Faced with Thailand’s growing HIV epidemic, in 2019 Chiang Mai University launched a program to test for and prevent the transmission of HIV. Measures included the distribution of PrEP, a drug which prevents infection by the virus. As the situation deteriorated during the COVID-19 pandemic, the project adapted to ensure continuity of care and support for key populations.
Thailand was the first country in Asia to be severely hit by the HIV epidemic, which is currently particularly affecting key populations including gay men, transgender women, injecting drug users, and sex workers. In response, Chiang Mai University launched the NAPNEUNG-2 project, to improve access to HIV prevention, screening, and referral services for key populations. NAPNEUNG-2 is the second stage of a project which began in 2015 with L’Initiative funding.
The COVID-19 pandemic led the University to adjust the project in order to ensure the continuity of prevention services while minimizing the risk of coronavirus transmission. Gonzague Jourdain, epidemiologist and leader of the Chiang Mai University project, talks about the objectives and results of NAPNEUNG-2.
Can you tell us about the NAPNEUNG-2 project and its main objectives in terms of combating HIV?
This project aims to make it easier to access HIV testing, while simultaneously providing tests for hepatitis B, syphilis, and hepatitis C. One major problem we identified was that many people in Thailand struggled to get tested.
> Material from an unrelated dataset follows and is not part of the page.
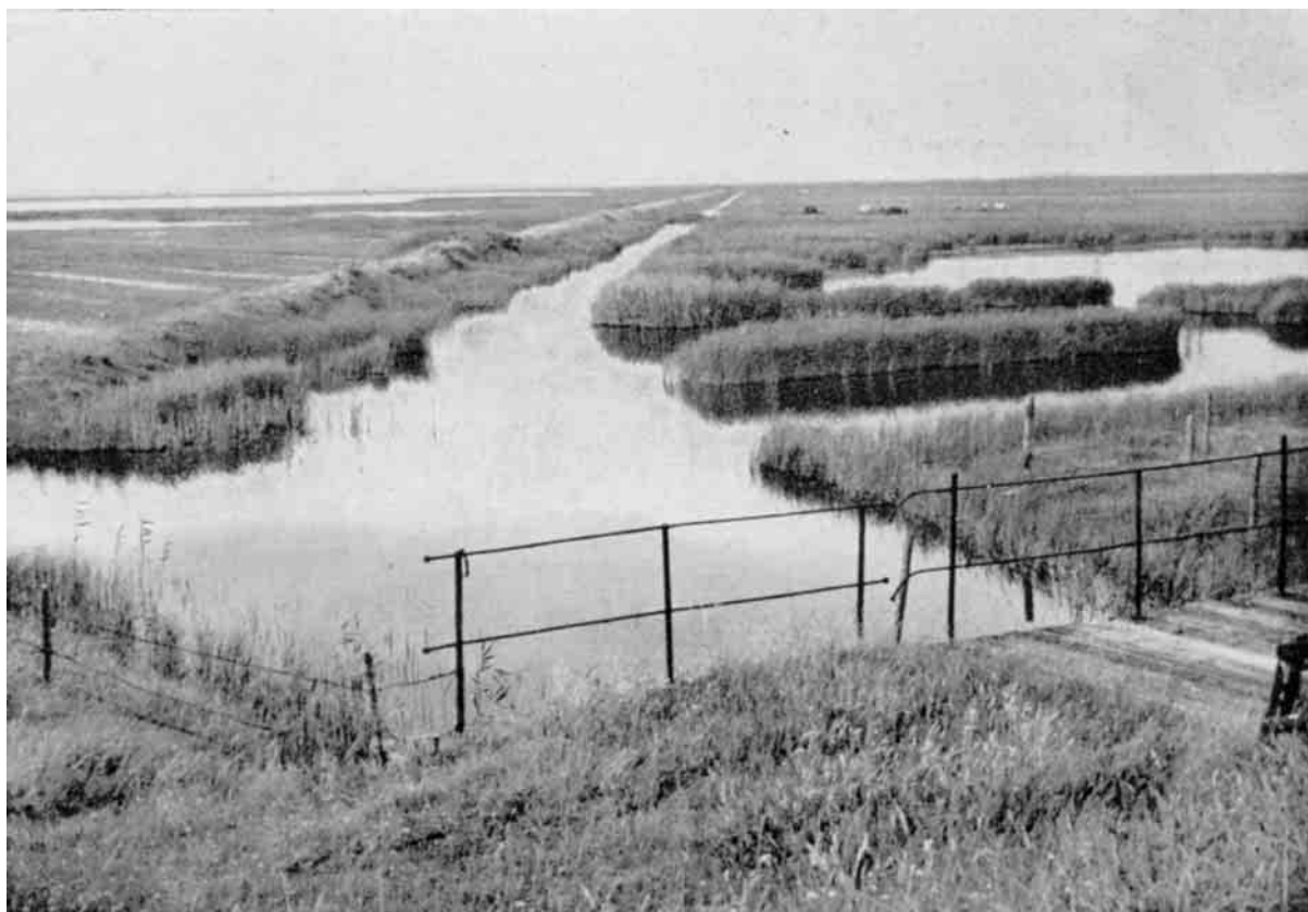
Bveholms Veile set fra Syd: Vældige Eneflader, eennemskaaret af Kanaler.

Lack of information, discrimination, and the fact that testing is not seen as a priority are all barriers to access.
Following the first phase of the NAPNEUNG project, what key innovations did NAPNEUNG-2 introduce?
The first change was to introduce tests capable of detecting multiple infections at the same time. Then, we made broader use of digital methods to better organize the testing process. Finally, we developed strategies to encourage people to get tested, because it’s not enough simply to provide tests; there also needs to be a demand for them. We therefore adopted simple but effective strategies, such as distributing flyers for free tests in the street. Before the end of the program, we also plan to launch automated test dispensers. We noticed that some people were concerned about tests being sent to their homes, as they worried about being identified by their address.
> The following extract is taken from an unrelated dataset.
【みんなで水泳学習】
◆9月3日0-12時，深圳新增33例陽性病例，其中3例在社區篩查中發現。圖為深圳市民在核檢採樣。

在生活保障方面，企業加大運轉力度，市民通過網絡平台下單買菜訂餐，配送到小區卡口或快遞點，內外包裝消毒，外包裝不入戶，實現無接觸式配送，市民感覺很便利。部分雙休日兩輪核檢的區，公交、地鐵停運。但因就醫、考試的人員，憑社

How did the COVID-19 pandemic affect the NAPNEUNG-2 project?
The pandemic was a major challenge, but it was also an invaluable learning experience. We drew on the strategies used to combat the pandemic to bolster the effectiveness of our project. For example, in September 2023, we started distributing HIV tests by mail, which allows people to test themselves and submit their results through an online app. The data collected is crucial to monitoring the evolution of the epidemic. Finally, COVID-19 encouraged some companies to develop combined HIV and COVID-19 tests.
What lessons can be learned from this project?
We have shared what we learned through publications. We also carried out a study to highlight the importance of digital testing, backed up with an economic analysis. A guide to self-financing testing activities will be released on December 1.
What are the next stages in the NAPNEUNG-2 project?
Clinical research will probably continue, because we are about to begin a PrEP trial with a new, more user-friendly treatment. This simplification should allow the use of PrEP to be maximized across the whole of South-East Asia. Hepatitis B is another major concern, and people continue to die from it due to a lack of testing. I am currently working with doctors in the north of Thailand to expand low-cost testing programs and introduce mass screening.
As a clinical epidemiologist working on this project, what key message would you like to send to mark World AIDS Day?
If you think you might have been exposed to HIV, get tested! It’s so simple and it could change your life. It sounds like a bad joke, but I often say that being diagnosed with HIV is good news. Being diagnosed is the opportunity to be able to receive treatment and live an almost normal life, which is not the case for someone who is not diagnosed.